▶ **Records for the task**
==*==

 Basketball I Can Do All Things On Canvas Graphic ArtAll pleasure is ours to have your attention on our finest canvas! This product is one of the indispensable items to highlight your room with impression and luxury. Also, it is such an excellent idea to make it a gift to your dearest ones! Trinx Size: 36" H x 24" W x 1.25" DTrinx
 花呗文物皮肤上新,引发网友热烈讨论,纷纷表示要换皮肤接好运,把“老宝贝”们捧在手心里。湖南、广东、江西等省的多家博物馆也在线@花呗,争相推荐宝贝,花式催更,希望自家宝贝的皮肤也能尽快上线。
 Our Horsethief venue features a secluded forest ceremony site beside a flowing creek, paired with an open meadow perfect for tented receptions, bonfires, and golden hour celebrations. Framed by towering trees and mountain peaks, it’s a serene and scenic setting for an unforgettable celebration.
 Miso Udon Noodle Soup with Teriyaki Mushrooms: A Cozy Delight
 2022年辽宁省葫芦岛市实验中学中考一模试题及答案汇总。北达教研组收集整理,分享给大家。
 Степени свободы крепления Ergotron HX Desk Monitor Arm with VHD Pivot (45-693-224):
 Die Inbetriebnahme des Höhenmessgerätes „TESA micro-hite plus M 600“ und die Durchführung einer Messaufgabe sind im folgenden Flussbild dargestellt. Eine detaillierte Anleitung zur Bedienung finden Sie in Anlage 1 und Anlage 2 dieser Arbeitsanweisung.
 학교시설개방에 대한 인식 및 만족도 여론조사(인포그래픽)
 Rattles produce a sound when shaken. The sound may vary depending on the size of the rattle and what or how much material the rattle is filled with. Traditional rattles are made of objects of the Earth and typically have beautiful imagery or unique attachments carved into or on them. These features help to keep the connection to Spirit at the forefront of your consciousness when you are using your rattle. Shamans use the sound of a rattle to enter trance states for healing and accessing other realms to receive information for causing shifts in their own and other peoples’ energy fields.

==*==

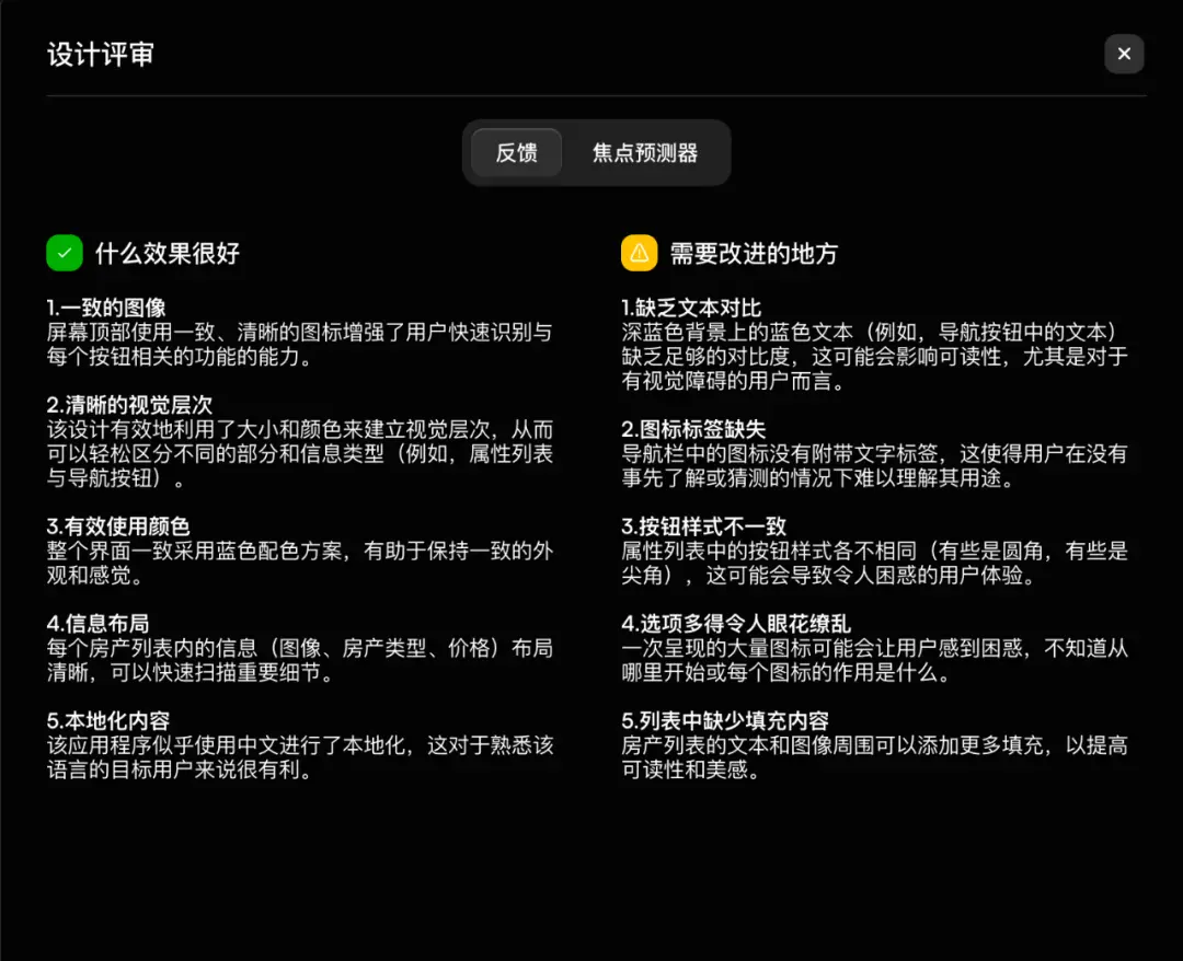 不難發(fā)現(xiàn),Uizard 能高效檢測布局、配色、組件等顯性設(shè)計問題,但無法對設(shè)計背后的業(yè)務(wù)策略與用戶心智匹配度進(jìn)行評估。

==*==

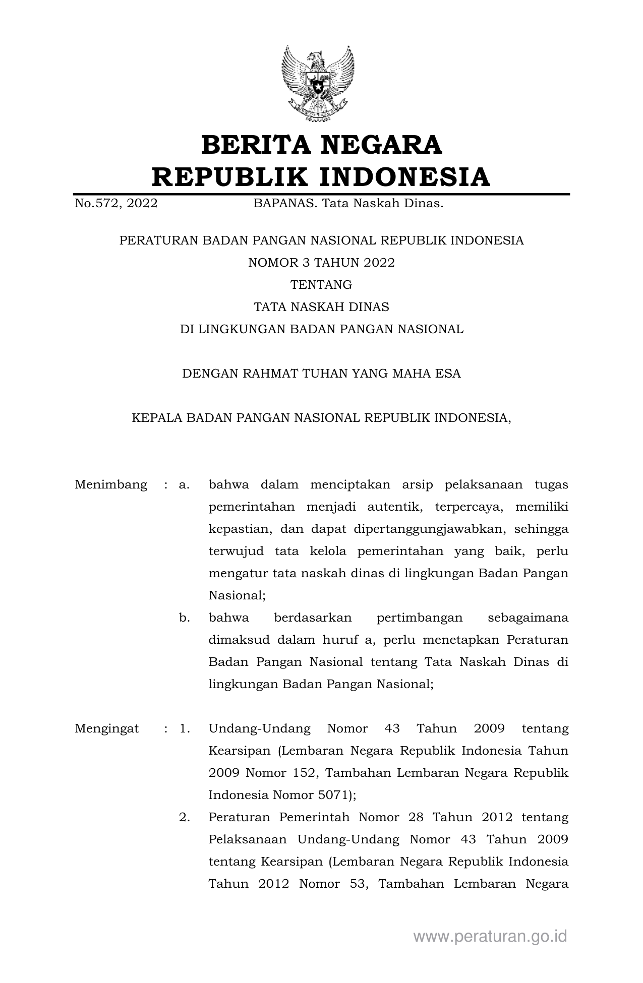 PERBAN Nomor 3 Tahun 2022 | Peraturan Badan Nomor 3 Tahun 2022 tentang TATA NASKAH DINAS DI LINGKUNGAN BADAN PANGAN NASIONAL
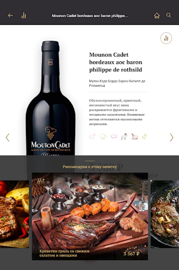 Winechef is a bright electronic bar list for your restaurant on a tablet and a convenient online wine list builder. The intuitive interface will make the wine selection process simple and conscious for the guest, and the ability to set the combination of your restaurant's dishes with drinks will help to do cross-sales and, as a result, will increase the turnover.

==*==

▶ **Problem to work on**
All lines in the listing above between the line with "Die Inbetriebnahme des" and the line with "Rattles produce a", inclusive, should be set down exactly, and no line outside that range.

▶ **The completed task**
 Die Inbetriebnahme des Höhenmessgerätes „TESA micro-hite plus M 600“ und die Durchführung einer Messaufgabe sind im folgenden Flussbild dargestellt. Eine detaillierte Anleitung zur Bedienung finden Sie in Anlage 1 und Anlage 2 dieser Arbeitsanweisung.
 학교시설개방에 대한 인식 및 만족도 여론조사(인포그래픽)
 Rattles produce a sound when shaken. The sound may vary depending on the size of the rattle and what or how much material the rattle is filled with. Traditional rattles are made of objects of the Earth and typically have beautiful imagery or unique attachments carved into or on them. These features help to keep the connection to Spirit at the forefront of your consciousness when you are using your rattle. Shamans use the sound of a rattle to enter trance states for healing and accessing other realms to receive information for causing shifts in their own and other peoples’ energy fields.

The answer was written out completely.